Simultaneous removal of antibiotics and recovery of phosphate in urine by ferrate(VI)-peracetic acid: The critical role of iron species

Efficient treatment technologies for recovering phosphorus from human urine while simultaneously eliminating antibiotics are crucial due to the potential threats posed by co-existing antibiotics to public health and water quality. Herein, we systematically investigated the application and underlying mechanism of peracetic acid (PAA) and ferrate(VI) for urine treatment. The PAA-Fe(VI) system retained its rapidity and efficacy in degrading antibiotics in hydrolyzed urine.
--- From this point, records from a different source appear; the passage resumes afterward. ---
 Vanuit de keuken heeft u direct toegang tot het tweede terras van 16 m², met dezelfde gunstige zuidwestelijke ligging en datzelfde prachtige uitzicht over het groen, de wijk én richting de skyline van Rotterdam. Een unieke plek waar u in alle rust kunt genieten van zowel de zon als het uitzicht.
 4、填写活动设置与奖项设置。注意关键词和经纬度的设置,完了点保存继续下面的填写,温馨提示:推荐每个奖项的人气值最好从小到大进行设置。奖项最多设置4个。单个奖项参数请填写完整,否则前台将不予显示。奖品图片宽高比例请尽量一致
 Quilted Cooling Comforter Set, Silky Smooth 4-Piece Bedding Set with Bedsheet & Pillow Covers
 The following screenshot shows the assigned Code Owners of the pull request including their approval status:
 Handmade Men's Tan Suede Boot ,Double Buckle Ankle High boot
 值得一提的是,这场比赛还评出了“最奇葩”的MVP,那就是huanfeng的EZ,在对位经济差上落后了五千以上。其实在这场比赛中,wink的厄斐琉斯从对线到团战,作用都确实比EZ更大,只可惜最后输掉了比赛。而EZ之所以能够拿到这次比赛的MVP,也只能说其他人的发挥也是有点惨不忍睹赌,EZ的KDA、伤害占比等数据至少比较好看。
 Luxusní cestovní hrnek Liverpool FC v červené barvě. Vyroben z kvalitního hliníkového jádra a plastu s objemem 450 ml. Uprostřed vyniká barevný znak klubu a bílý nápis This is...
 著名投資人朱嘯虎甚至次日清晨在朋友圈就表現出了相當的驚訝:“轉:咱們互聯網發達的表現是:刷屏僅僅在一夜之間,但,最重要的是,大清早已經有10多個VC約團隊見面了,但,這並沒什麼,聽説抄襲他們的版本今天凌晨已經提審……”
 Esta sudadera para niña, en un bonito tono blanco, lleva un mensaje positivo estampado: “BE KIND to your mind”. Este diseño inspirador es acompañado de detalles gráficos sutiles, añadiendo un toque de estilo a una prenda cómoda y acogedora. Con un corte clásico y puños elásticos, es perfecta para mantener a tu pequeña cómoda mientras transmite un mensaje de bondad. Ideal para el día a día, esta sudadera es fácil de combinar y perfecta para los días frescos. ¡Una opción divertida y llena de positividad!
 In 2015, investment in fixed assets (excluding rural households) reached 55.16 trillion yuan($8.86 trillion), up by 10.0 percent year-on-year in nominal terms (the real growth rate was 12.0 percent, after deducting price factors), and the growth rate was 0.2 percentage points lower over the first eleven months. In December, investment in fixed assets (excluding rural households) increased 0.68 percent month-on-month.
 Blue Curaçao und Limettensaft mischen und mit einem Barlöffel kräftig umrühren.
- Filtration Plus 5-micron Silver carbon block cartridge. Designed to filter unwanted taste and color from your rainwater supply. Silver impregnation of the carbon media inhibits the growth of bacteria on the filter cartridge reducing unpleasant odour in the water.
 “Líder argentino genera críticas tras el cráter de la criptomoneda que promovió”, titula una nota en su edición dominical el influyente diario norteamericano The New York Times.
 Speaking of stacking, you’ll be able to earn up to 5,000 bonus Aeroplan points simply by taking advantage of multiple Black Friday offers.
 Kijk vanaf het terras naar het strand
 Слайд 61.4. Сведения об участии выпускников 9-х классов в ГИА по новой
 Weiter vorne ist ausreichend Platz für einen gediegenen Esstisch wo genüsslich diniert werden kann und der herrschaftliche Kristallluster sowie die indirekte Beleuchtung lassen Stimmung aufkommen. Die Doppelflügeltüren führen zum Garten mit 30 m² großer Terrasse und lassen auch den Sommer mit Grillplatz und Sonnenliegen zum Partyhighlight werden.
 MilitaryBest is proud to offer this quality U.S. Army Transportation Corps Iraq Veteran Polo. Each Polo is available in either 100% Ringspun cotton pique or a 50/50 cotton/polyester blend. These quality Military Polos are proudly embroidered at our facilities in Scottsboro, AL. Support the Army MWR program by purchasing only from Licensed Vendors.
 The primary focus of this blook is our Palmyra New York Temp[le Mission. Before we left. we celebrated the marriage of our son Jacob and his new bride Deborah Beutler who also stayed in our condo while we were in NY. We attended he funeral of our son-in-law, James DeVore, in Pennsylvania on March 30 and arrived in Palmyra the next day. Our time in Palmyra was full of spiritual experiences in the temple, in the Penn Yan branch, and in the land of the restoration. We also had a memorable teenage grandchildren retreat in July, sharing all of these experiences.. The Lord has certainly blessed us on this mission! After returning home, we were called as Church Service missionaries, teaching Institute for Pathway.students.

The results showed a strong selectivity of the PAA-Fe(VI) system towards contaminants with electron-rich moieties. The reactive iron species (Fe(V)/Fe(IV)) played a significant role in sulfamethoxazole (SMX) degradation by PAA-Fe(VI). Theoretical calculations revealed a preference for coordination between reactive iron species and O1 of PAA. The coordination led to a reduction in the energy gap compared to free iron, suggesting an enhancement in the stability and oxidation capacity of reactive iron species facilitated by PAA. Furthermore, toxicity analysis revealed a notable decrease in the toxicity of degradation products following treatment with the PAA-Fe(VI) process. Elemental analysis confirmed successful phosphorus loading onto the precipitation, primarily attributed to adsorptive interactions with in-situ formed Fe(III). Overall, this study presents a novel strategy for simultaneously eliminating antibiotics and recovering phosphorus resources from urine, thereby expanding the practical application of the PAA-Fe(VI) system in urine treatment.